[TASK STATEMENT]:
Without the pictures, repeat all of the data exactly as it appears below.

[DATASET EXTRACT]:
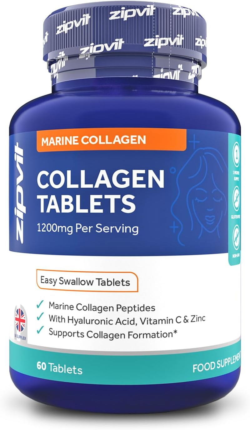 Zipvit Marine Collagen 1200Mg Tablets with Hyaluronic Acid, Vitamin C, and Zinc.
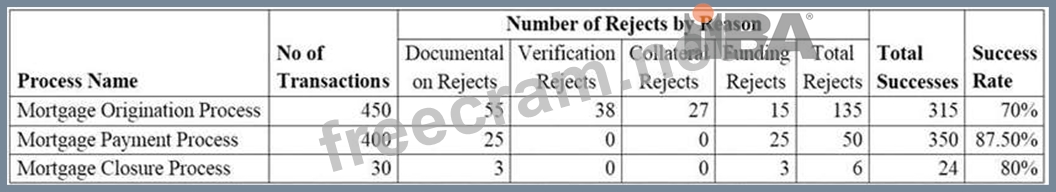 *Each business process has a certain number of rejects and the reasons for rejection include documentation, verification, collateral, and funding. Funding rejects occur when the bank's customers have failed to make payment of their mortgage processing fee or mortgage closure payment.
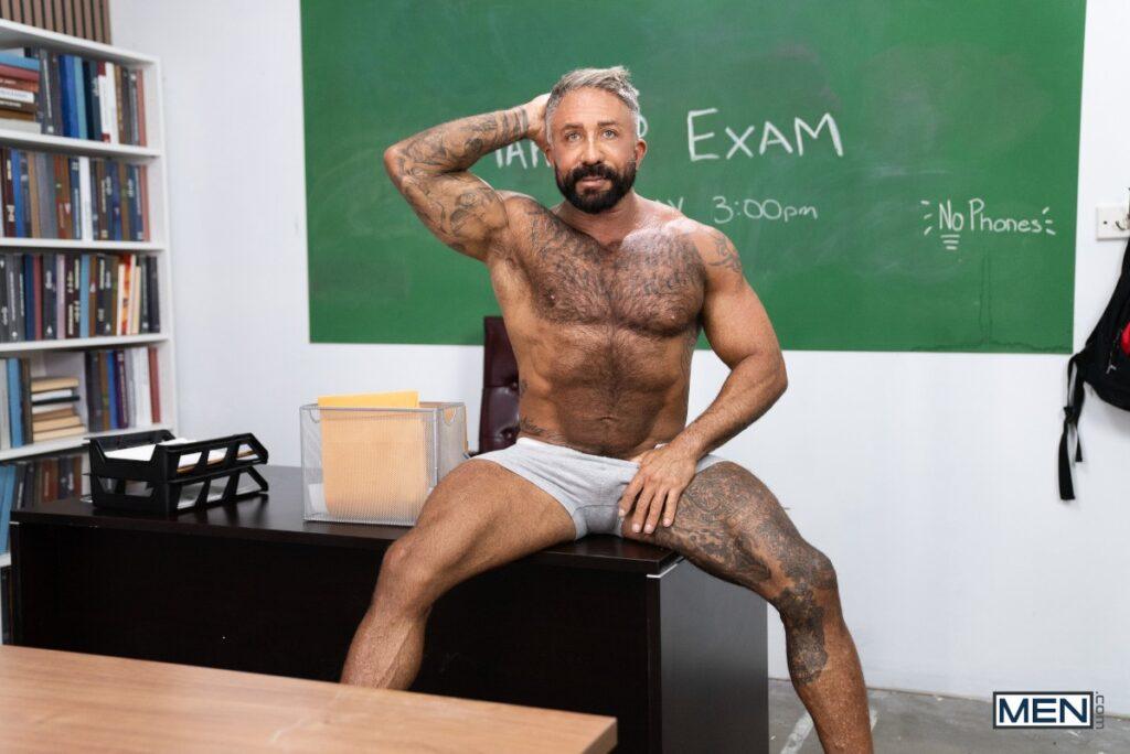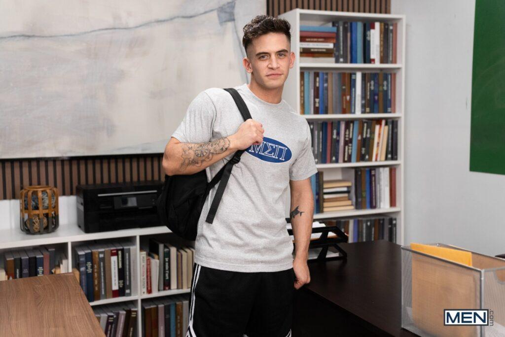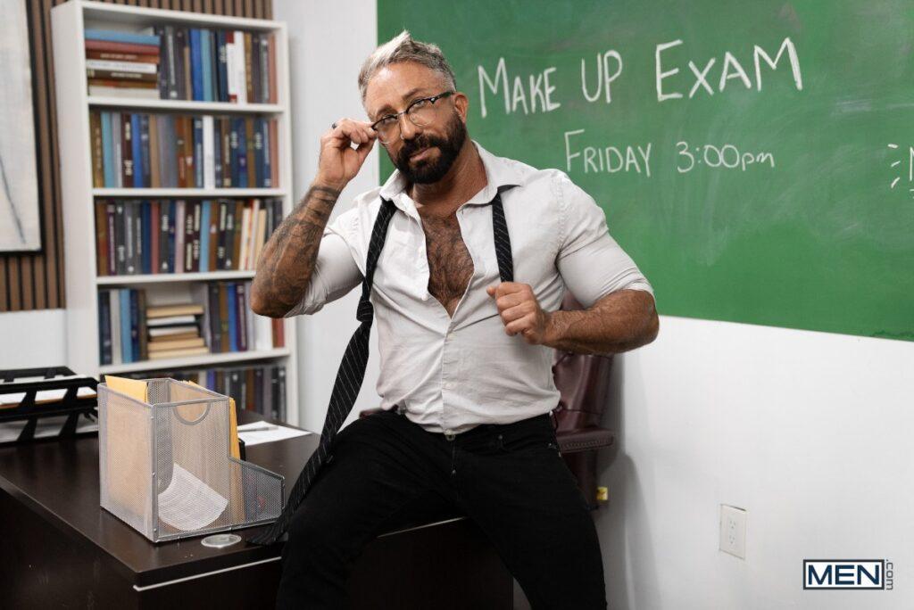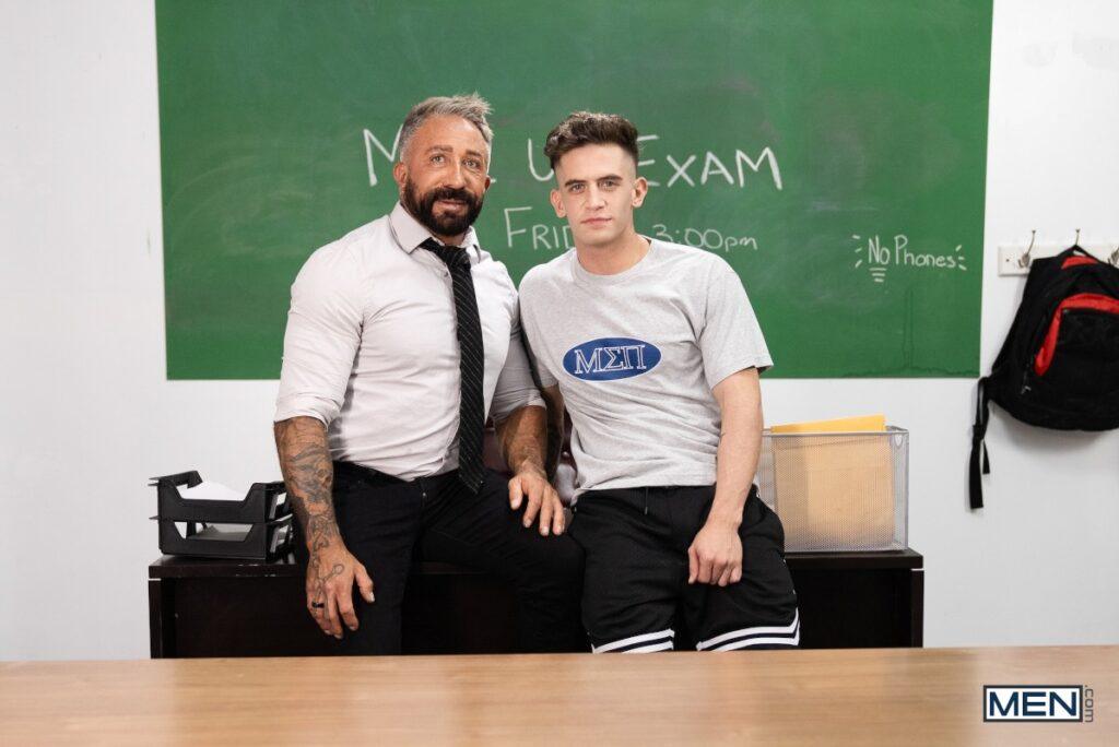 College guy Trevor Brooks has the classroom to himself when he arrives for the makeup exam, so why not have a little quality time? Professor Ken Rock catches him with his phone in one hand and his boner in the other, and quickly confiscates the electronic device. Troye Dean sits next to Trevor, and the guys flirt. Then Trevor pulls a dildo out of his bookbag to fuck himself, and Troye starts filming! Troye makes a hasty exit when the professor catches them, but Professor Rock takes control of the dildo, pumping it in the student’s ass before Trevor sucks the silver fox. The tattooed teacher drills Trevor from behind, then sits in his chair as the bottom rides his dick. Trevor cums as his professor fucks him on the desk, then gets on his knees for a facial.

[ANSWER BOX]:
 Zipvit Marine Collagen 1200Mg Tablets with Hyaluronic Acid, Vitamin C, and Zinc.
 *Each business process has a certain number of rejects and the reasons for rejection include documentation, verification, collateral, and funding. Funding rejects occur when the bank's customers have failed to make payment of their mortgage processing fee or mortgage closure payment.
 College guy Trevor Brooks has the classroom to himself when he arrives for the makeup exam, so why not have a little quality time? Professor Ken Rock catches him with his phone in one hand and his boner in the other, and quickly confiscates the electronic device. Troye Dean sits next to Trevor, and the guys flirt. Then Trevor pulls a dildo out of his bookbag to fuck himself, and Troye starts filming! Troye makes a hasty exit when the professor catches them, but Professor Rock takes control of the dildo, pumping it in the student’s ass before Trevor sucks the silver fox. The tattooed teacher drills Trevor from behind, then sits in his chair as the bottom rides his dick. Trevor cums as his professor fucks him on the desk, then gets on his knees for a facial.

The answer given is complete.